The Astros lost a little of their swagger when Clemens walked into the clubhouse after the second inning and never returned. The righthander had strained his left hamstring in the second while starting to cover first base on a hit-and-run single by Rowand. Clemens, who had passed Christy Mathewson on the alltime World Series strikeout list, was replaced by rookie Wandy Rodriguez, who had thrown exactly one postseason inning.
Rodriguez pitched out of trouble like a man crossing a five-lane highway on foot. It was never pretty and always dangerous. But Rodriguez could not navigate through Joe Crede in the fourth. The third baseman walloped a home run to centerfield to give Chicago a 4-3 lead.
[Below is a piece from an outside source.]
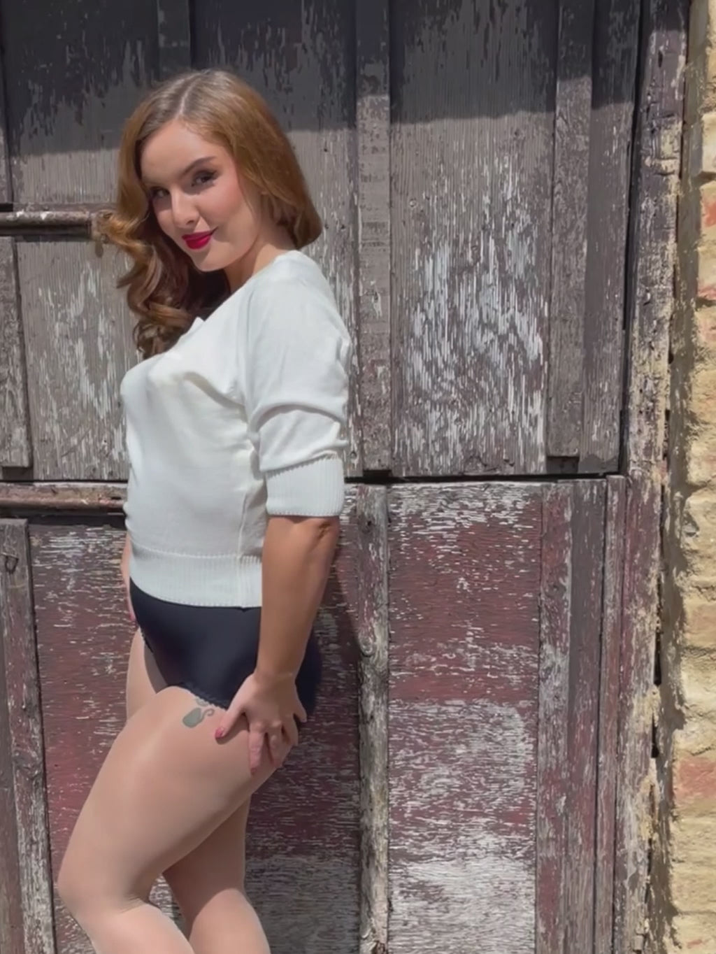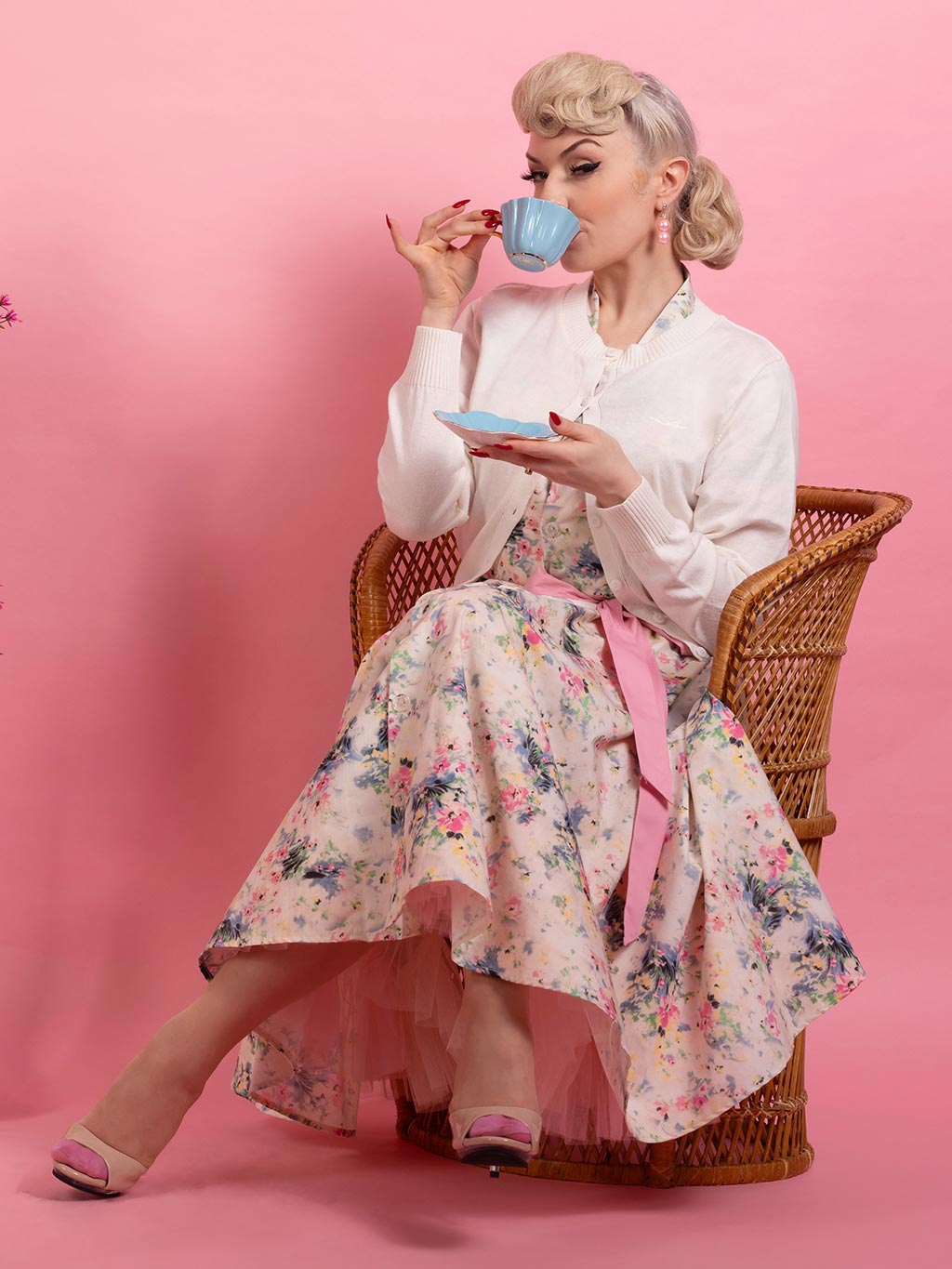 Our meticulously crafted knitwear, including cardigans and jumpers made in the UK from luxurious cotton-acrylic blends, captures the essence of the iconic "sweater girl" silhouette.

Crede would preserve that lead with twin diving, backhand stops at third base in the sixth and seventh innings, both times with an Astro at third. Houston got the tying run at least as far as second with fewer than two outs in the sixth, seventh and eighth innings, and never scored.
The last threat began when Willy Taveres doubled, whereupon Guillen went to his bullpen for the first time in 11 days. Lefthander Neil Cotts, the only reliever Guillen used in the ALCS, yielded a single to Lance Berkman that was stung so hard, Tavares had to stop at third. What happened next had never occurred in the World Series: three straight strikeouts with the tying run in scoring position after the seventh inning.
Cotts began the string by whiffing Morgan Ensberg and then Mike Lamb, who had homered earlier in the game off Contreras but was a .179 hitter in the rare instances when Astros manager Phil Garner allowed him to bat against lefthanders. Guillen then walked to the mound and, in the manner of a slapstick comic, held his palms open far out to each side in the universal symbol for a wide load. The bullpen door swung open--all the way open--and out walked 270-pound Bobby Jenks. Pitching for the first time in 11 days, Jenks threw nothing but fastballs between 98 and 100 mph to Jeff Bagwell. The Houston DH whiffed on the final one.
Chicago tacked on a run in the ninth for Jenks, who threw only strikes for the final three outs. When July began, Jenks, who was signed for $20,000 on a waiver claim after being released by the Los Angeles Angels, had never thrown in a major league game. Now here he was, only 108 days after his big league debut, getting a save in a World Series game. Only Todd Worrell of the 1985 Cardinals (52 days) ever made such a quick trip since the save was instituted in 1969. Surprising? Well, this is Chicago baseball.